Location
- 19692 Lexington Lane Huntington Beach, California 92646 United States 33°40′37″N 117°56′50″W﻿ / ﻿33.67680793774496°N 117.94731043513734°W

Information
- School type: Private-Independent Day School
- Motto: Where Bright Minds Soar
- Established: 1984
- Founder: Laura Hathaway
- Status: Open
- Head of school: Dr. Regina McDuffie
- Grades: Pre-K-Grade 8
- Gender: Co-Ed
- Enrollment: 565
- Average class size: 20
- Student to teacher ratio: 1:11
- Campus size: 14 acres (57,000 m^{2})
- Mascot: Pegasus
- Team name: Thunder
- Accreditation: The California Association of Independent Schools
- Publication: Pegasus Magazine
- Communities served: Suburban
- Affiliations: National Association of Independent Schools (NAIS), Educational Records Bureau (ERB)
- Website: thepegasusschool.org

= The Pegasus School =

The Pegasus School is a co-ed, non-profit, non-sectarian, private day school on a 14 acre campus in Huntington Beach, California.

==History==
In 1984, Laura Hathaway founded The Pegasus School.

The school purchased its current facility in 1995 and then began work to refurbish classrooms and expand buildings. The Palley Complex, which serves fourth and fifth graders, was added in 1997 and the Hathaway Activities Center was built in 2000 to provide a home for performance, art, and student athletics. Since then the school has also added the Kazu Fukuda Science and Technology Center in 2020 and the Geisler Family WINGS building in 2024.
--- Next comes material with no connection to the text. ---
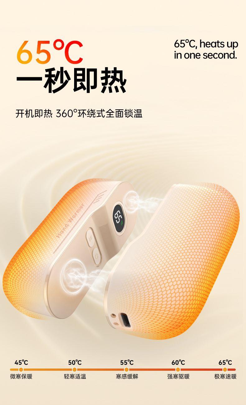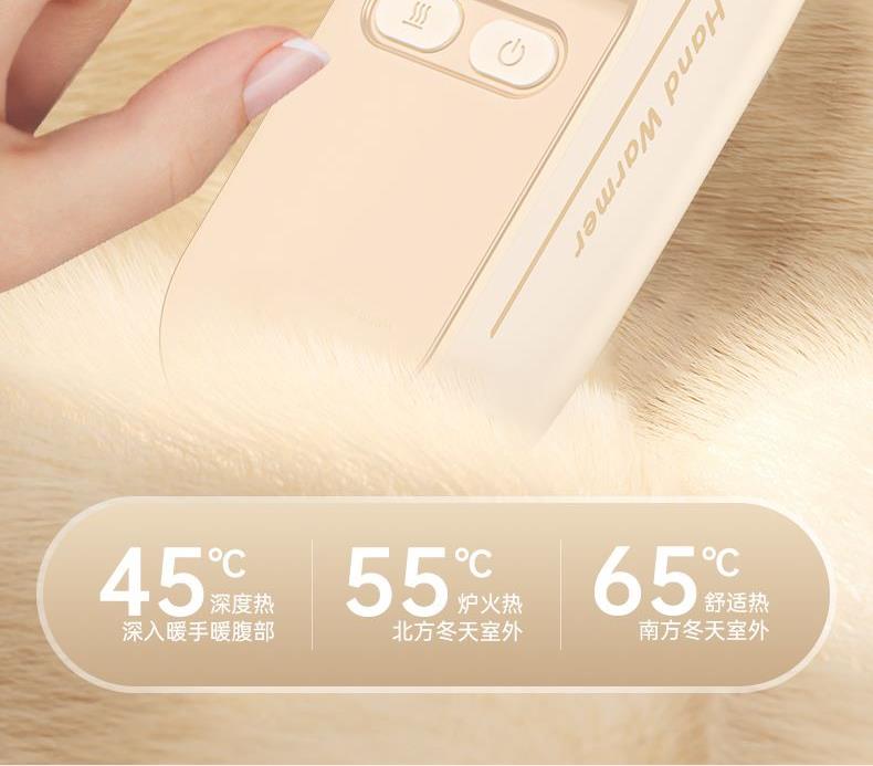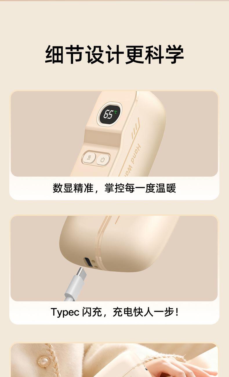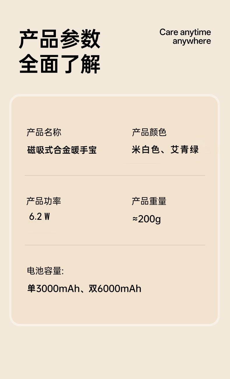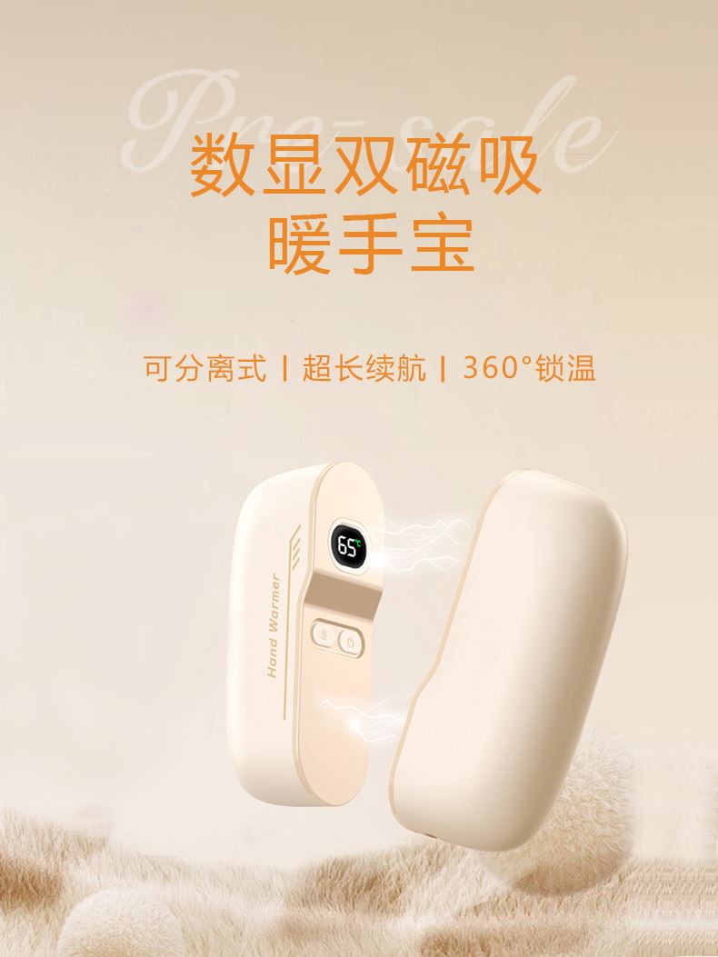 额定电压:5V/1Amax 额定功率:6.2W 产品毛重:268.4g 产品颜色:米白色 电池容量:双边6000mAh 产品尺寸:94*32*71.5mm 主要材质:铝合金 1.内置6000mAh电池,超长续航 2.Type-C充电,同时充俩,方便快捷 3.智能数显屏幕,电量、温度实时显示 4.5档温度调节,一秒即热,冷暖由你掌控 5.可分离磁吸组合设计,合并、单独取暖皆可

Laura Hathaway was the first head of school. John Zurn was appointed the second head of The Pegasus School in February 2010. Jason Lopez joined the Pegasus community in July 2014 as the third head of school, and Dr. Regina McDuffie began as the fourth Head of School in 2024.

==Average class size==
Pre-Kindergarten:16 students in a classroom with two teachers

Kindergarten: 18 students in a classroom with a teacher and associate teacher

First through Fifth grades: 20 students per classroom with a teacher and teaching assistant

Sixth through Eighth Grades: 16-18 students in a classroom with a teacher and teaching assistant.

==Recognitions==
The Pegasus School is a nationally recognized blue ribbon school

==Environmental aspects==
The school is an energy star pledge participant.